Robot Kinematics
Kinematics is the calculus describing the effect of control actions on the configuration of the robot. The configuration of a rigid mobile robot is commonly described by 6 variables relative to an external coordinate frame:
- three Cartesian coordinates
- three Euler angles (roll, pitch, yaw)
The robot’s pose comprises its two-dimensional planar coordinates relative to an external coordinate frame, along with its angular orientation:
\begin{equation} \left(\begin{array}{l}{x} \ {y} \ {\theta}\end{array}\right) \end{equation}
The motion model plays the role of the state transition model in mobile robotics. This model is the conditional density:
\begin{equation} p(x_t | u_t, x_{t-1}) \end{equation}
where \(x_t\) and \(x_{t-1}\) are both robot poses, and \(u_t\) is the motion command. In implementations, \(u_t\) is sometimes provided by a robot’s odometry.

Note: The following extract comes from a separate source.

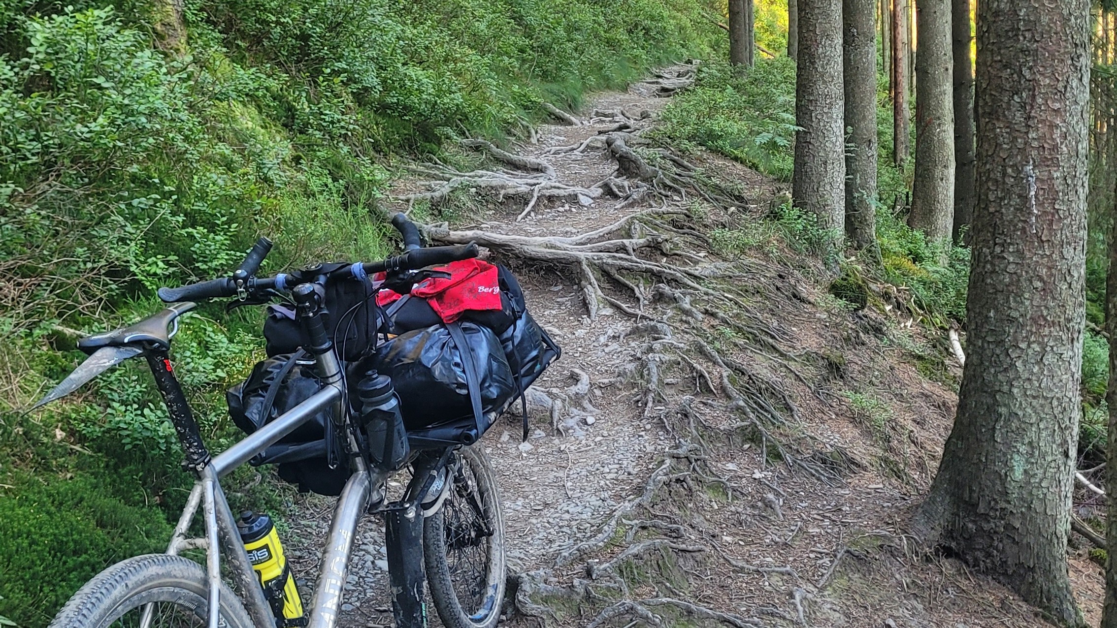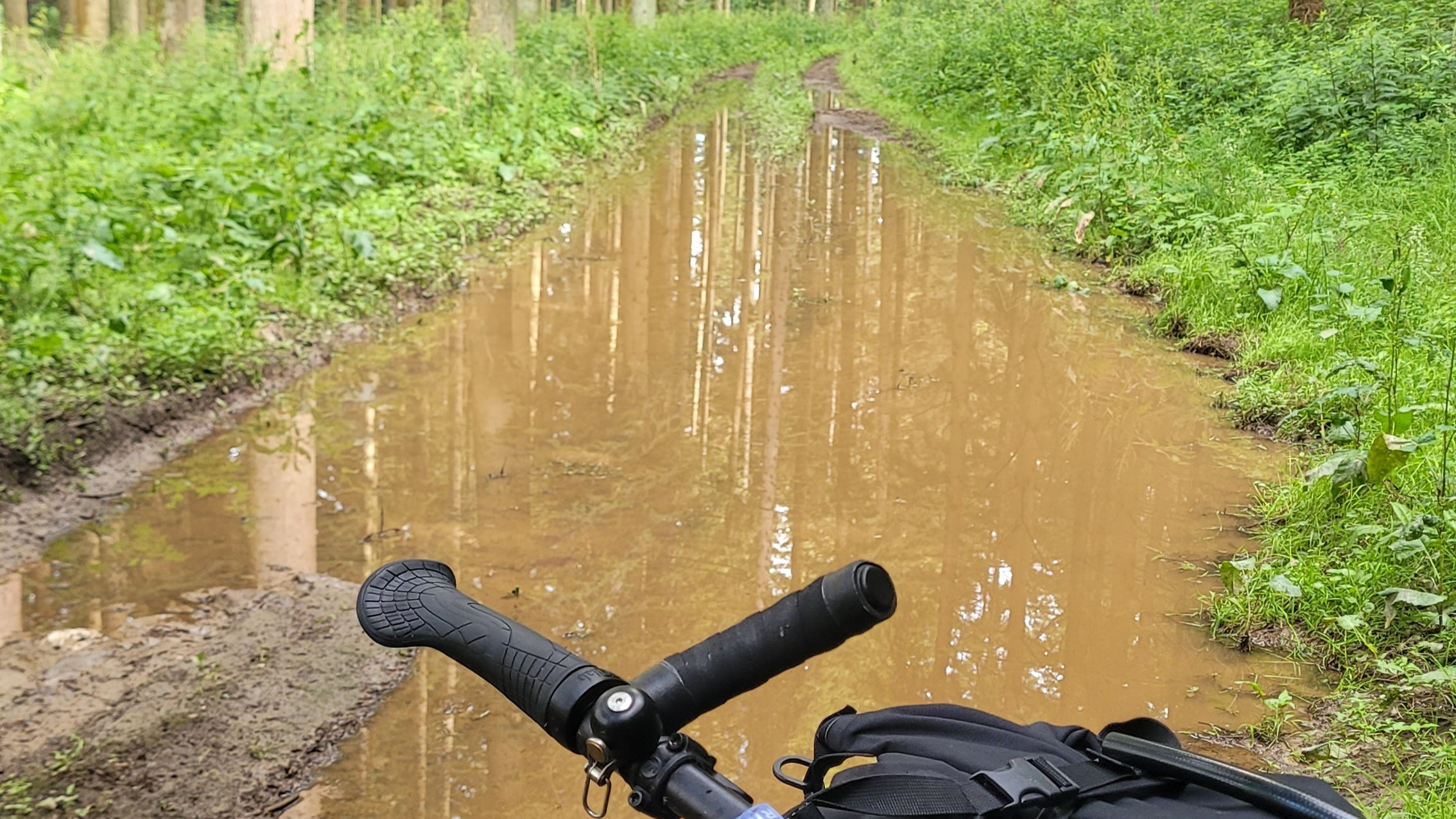 Das setzt sich auch an Tag 3 so fort, trotz der Hitze immer wieder Schlammlöcher (in einem von ihnen landet man dann, wenn man nicht so richtig mit dem Kopf dabei ist), dann mit Gras überwucherte und kaum erkennbare Wege, als Highlight ein schmaler Weg mit Unmengen an freigelegten Wurzeln, die schon das Laufen ohne Rad schwierig machen So trage ich Rad und Gepäck separat, um die paar Hundert Meter zu überbrücken.

Odometry models are generally more accurate than velocity models, because most commercial robots do not execute velocity commands with the level of accuracy that can be obtained by measuring the revolution of the robot’s wheels. The downside is that odometry is obtained after-the-fact, meaning it cannot be used for motion planning. Hence, odometry models are used for state estimation, while velocity models for motion planning.